# Work instructions
Every line of the material below needs to be copied exactly; omit the pictures.

# Exercise materials
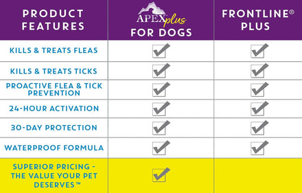 - EFFECTIVENESS — Apex Plus flea and tick prevention for dogs kills adult fleas and also targets flea eggs, larvae, and prevents the development of flea pupae, ensuring a thorough elimination of fleas at all life stages.
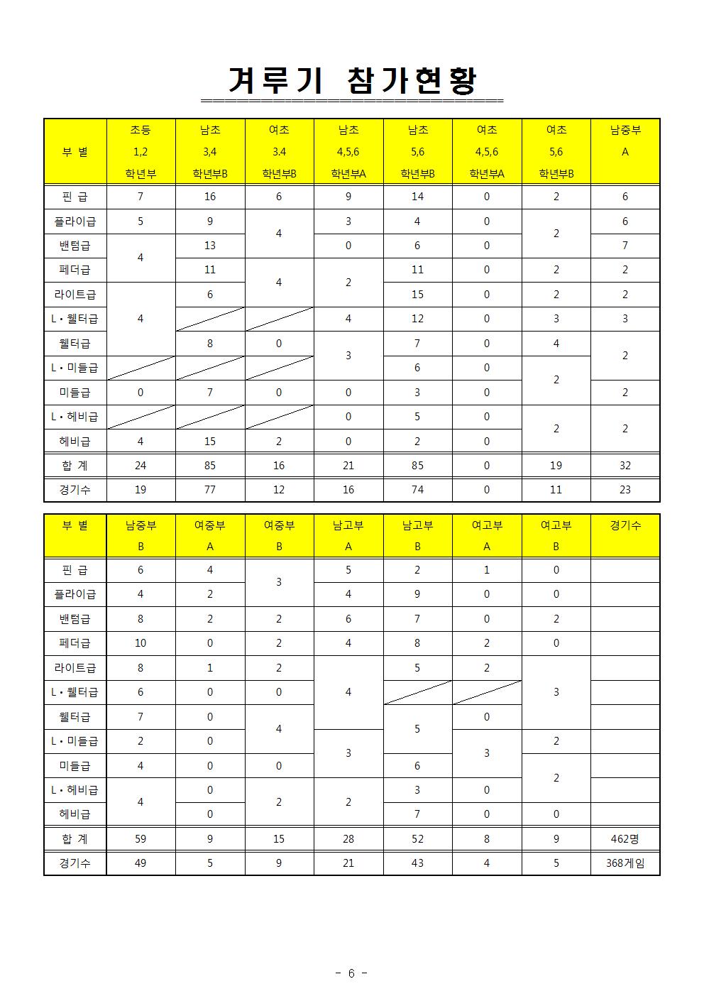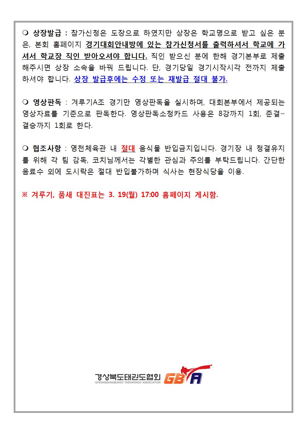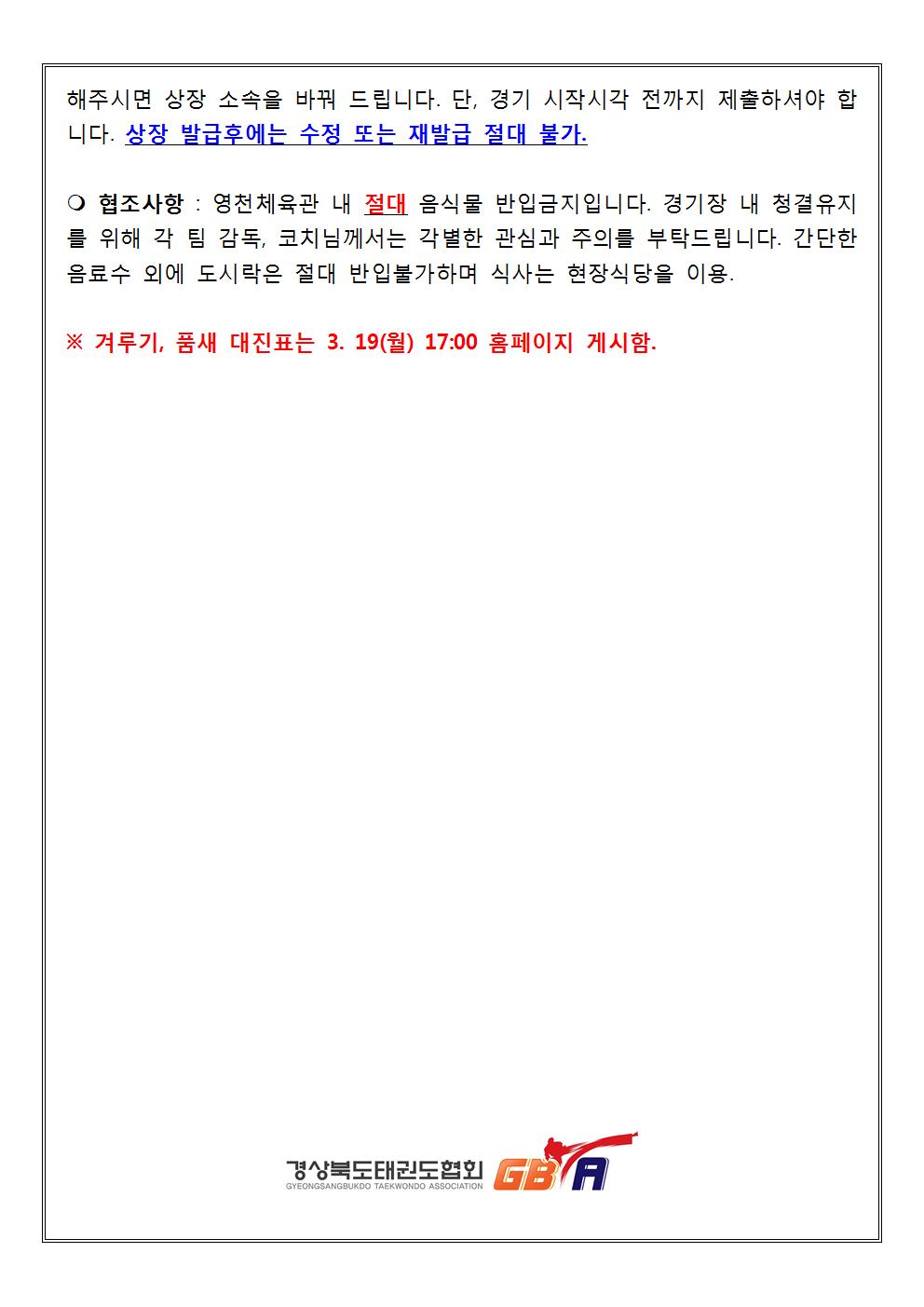 2018년도 경북신인선수권 및 전국생활체육대축전 경기일정 및 참고사항
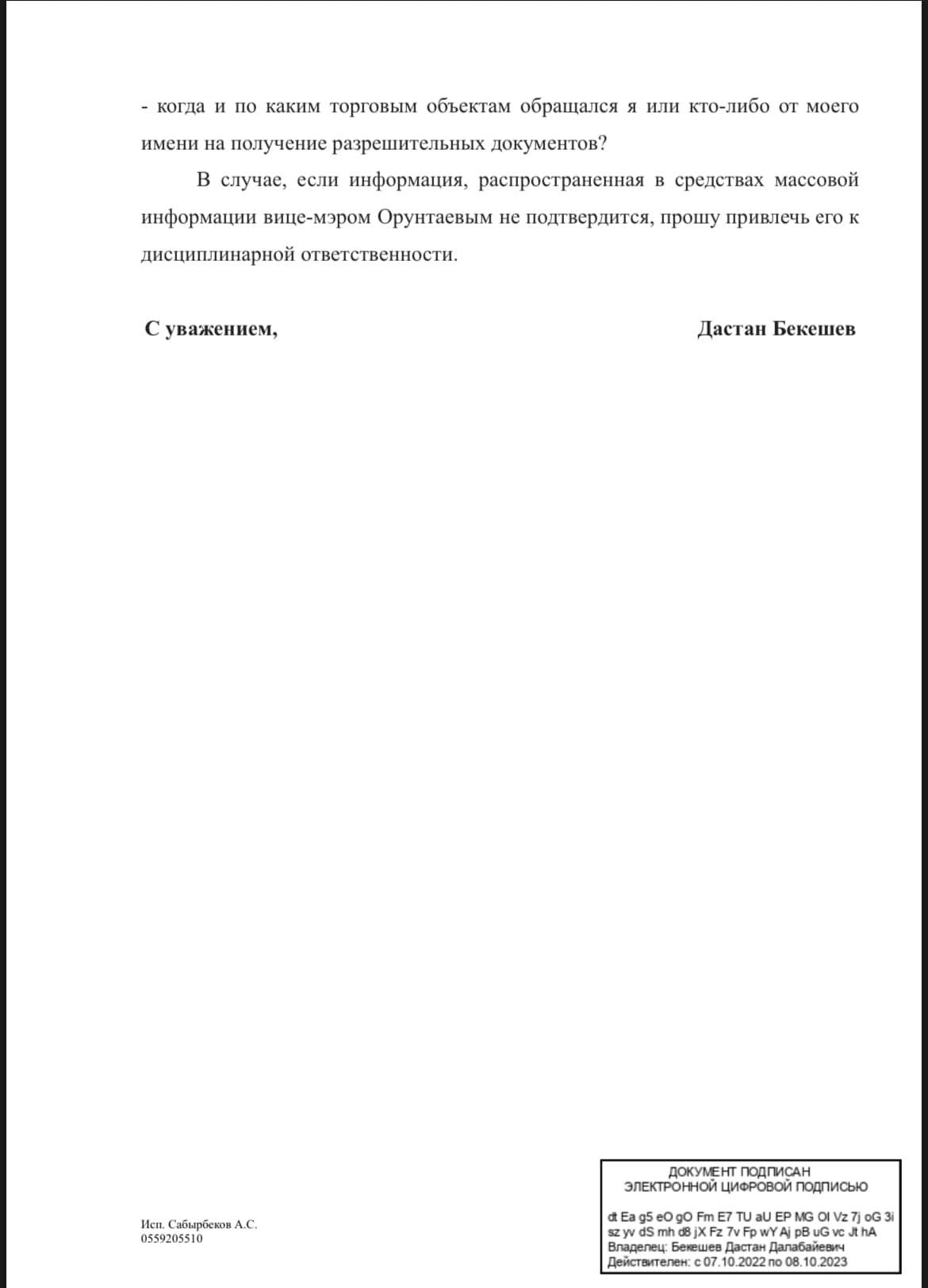 «В случае, если информация Орунтаева не подтвердится, прошу мэра привлечь его к дисциплинарной ответственности», — подытожил Дастан Бекешев.
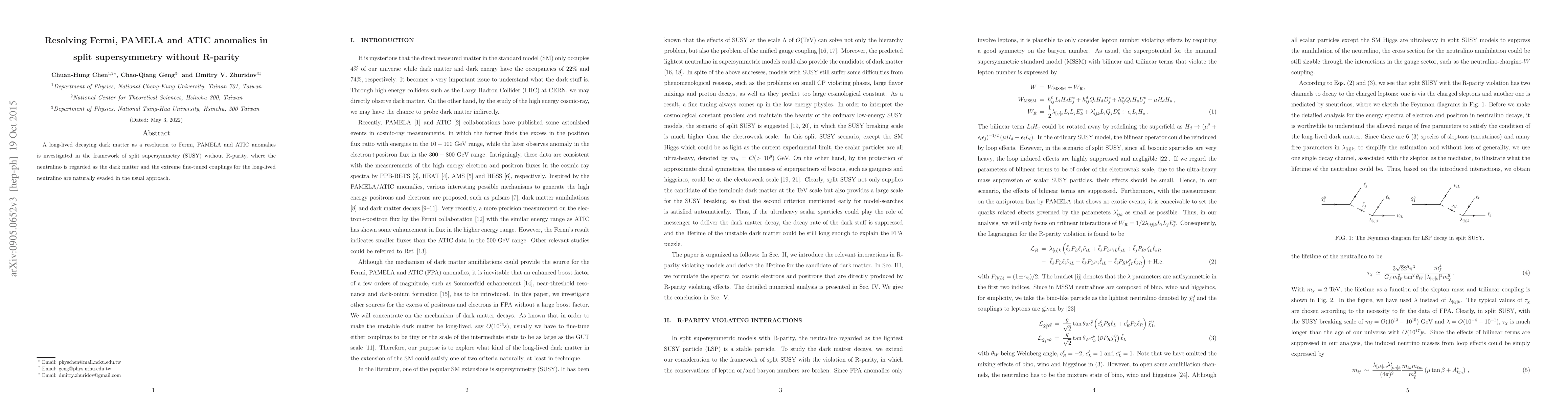 This paper explores a long-lived decaying dark matter in split supersymmetry without R-parity to resolve Fermi, PAMELA, and ATIC anomalies, proposing that the neutralino serves as the dark matter while avoiding the extreme fine-tuning typically required.
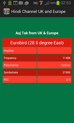 一個按字母順序排列的列表與印地文頻道英國和歐洲的通道Sattelite頻率。
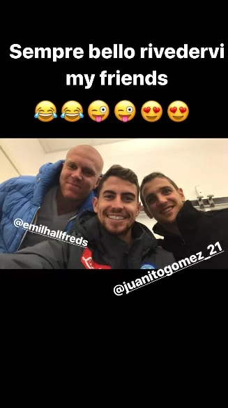 Non solo calcio per Jorginho ad Udine. Il centrocampista del Napoli ha avuto infatti modo di ritrovare e salutare due ex compagni ai tempi del Verona. Si tratta di Emil Halfredsson, centrocampista dell’Udinese, e Juanito Gomez, attaccante attualmente svincolato.
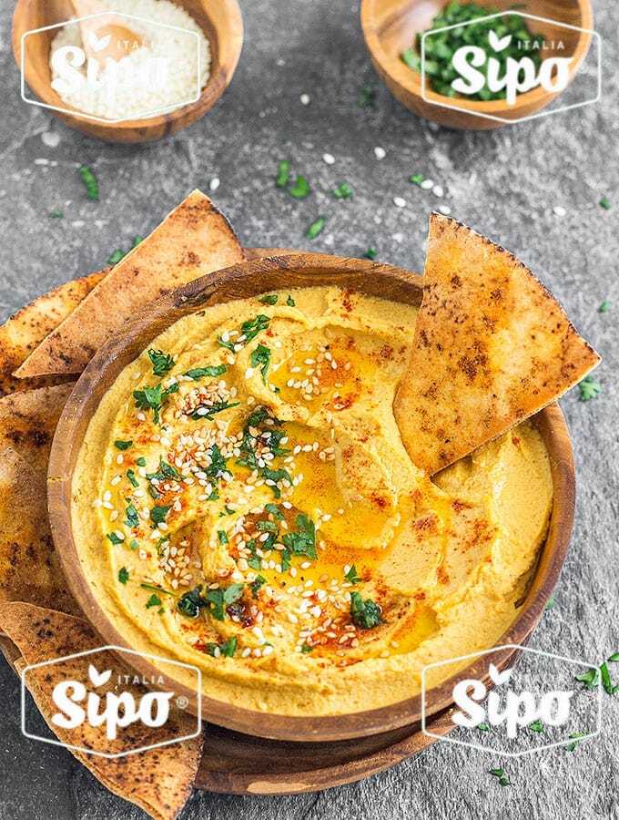 I like to serve this savory pumpkin hummus topped with sesame seeds, chopped parsley and a drizzle of olive oil along with some homemade toasted pitas for dipping. You can also serve it with tortilla chips, pita chips, whole wheat pita bread, crackers, vegetables, or use it as a spread on sandwiches and wraps.
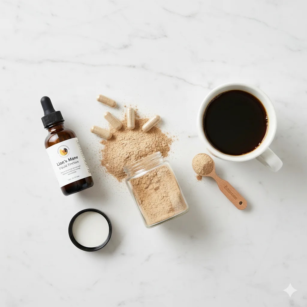 Different forms of Lion's Mane supplements: powder, capsules, tincture, and coffee in a product flat lay.
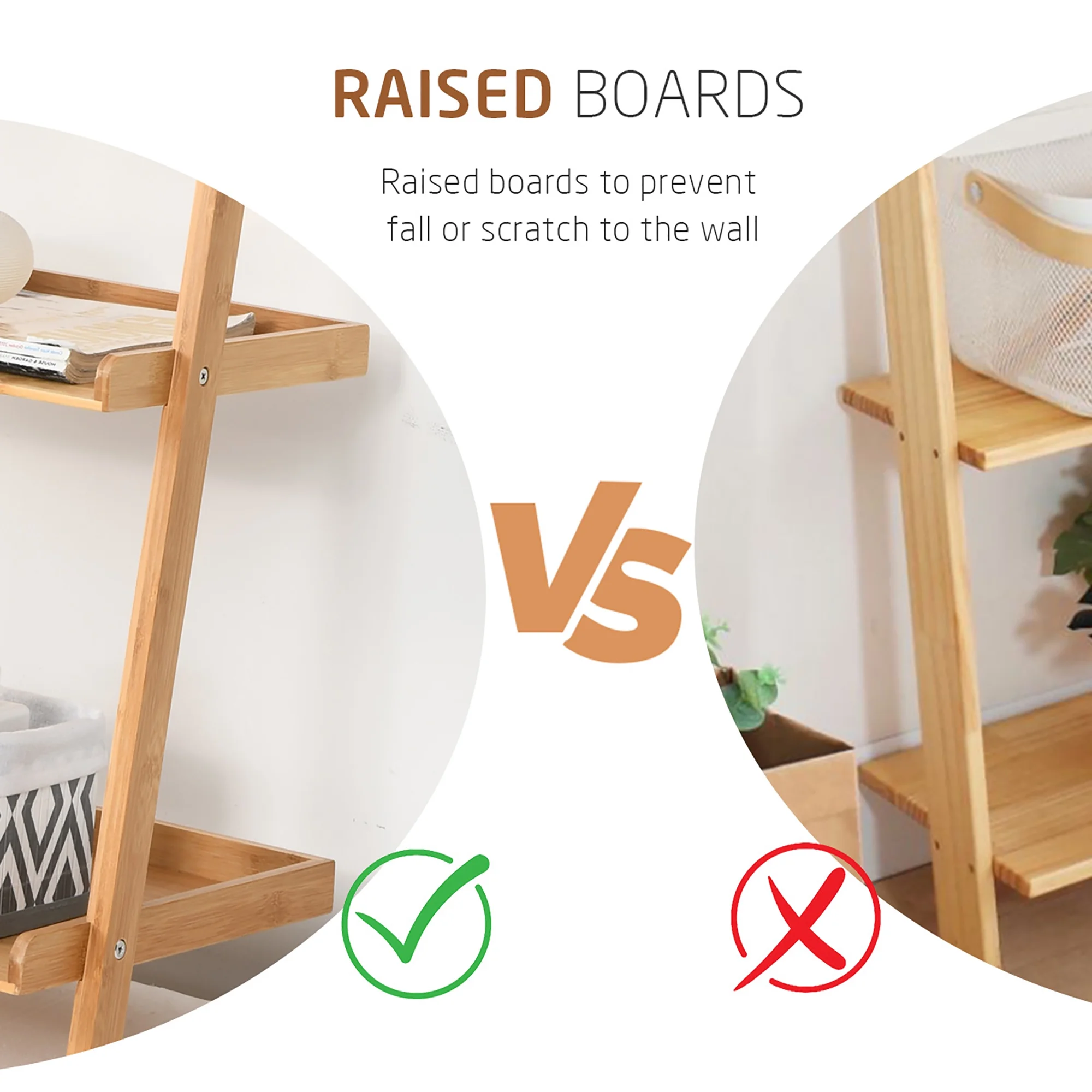 - Premium Bamboo Material: Made of natural bamboo, the ladder shelf is sturdy for long time use. Additionally, the ladder shelf is waterproof and lightweight. And the parts of display shelf are fix ed with high quality non-rusty screws to add load capacity.
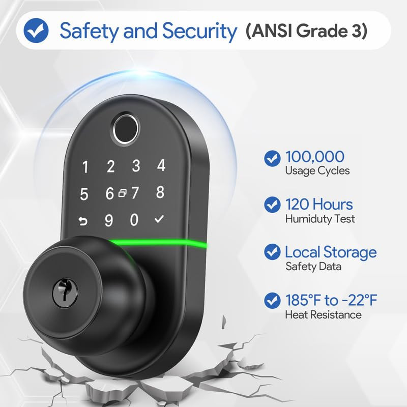 Smart Keyless Entry Biometric Keypad Door Knob for Front Door Security

# Answer to this exercise
 - EFFECTIVENESS — Apex Plus flea and tick prevention for dogs kills adult fleas and also targets flea eggs, larvae, and prevents the development of flea pupae, ensuring a thorough elimination of fleas at all life stages.
 2018년도 경북신인선수권 및 전국생활체육대축전 경기일정 및 참고사항
 «В случае, если информация Орунтаева не подтвердится, прошу мэра привлечь его к дисциплинарной ответственности», — подытожил Дастан Бекешев.
 This paper explores a long-lived decaying dark matter in split supersymmetry without R-parity to resolve Fermi, PAMELA, and ATIC anomalies, proposing that the neutralino serves as the dark matter while avoiding the extreme fine-tuning typically required.
 一個按字母順序排列的列表與印地文頻道英國和歐洲的通道Sattelite頻率。
 Non solo calcio per Jorginho ad Udine. Il centrocampista del Napoli ha avuto infatti modo di ritrovare e salutare due ex compagni ai tempi del Verona. Si tratta di Emil Halfredsson, centrocampista dell’Udinese, e Juanito Gomez, attaccante attualmente svincolato.
 I like to serve this savory pumpkin hummus topped with sesame seeds, chopped parsley and a drizzle of olive oil along with some homemade toasted pitas for dipping. You can also serve it with tortilla chips, pita chips, whole wheat pita bread, crackers, vegetables, or use it as a spread on sandwiches and wraps.
 Different forms of Lion's Mane supplements: powder, capsules, tincture, and coffee in a product flat lay.
 - Premium Bamboo Material: Made of natural bamboo, the ladder shelf is sturdy for long time use. Additionally, the ladder shelf is waterproof and lightweight. And the parts of display shelf are fix ed with high quality non-rusty screws to add load capacity.
 Smart Keyless Entry Biometric Keypad Door Knob for Front Door Security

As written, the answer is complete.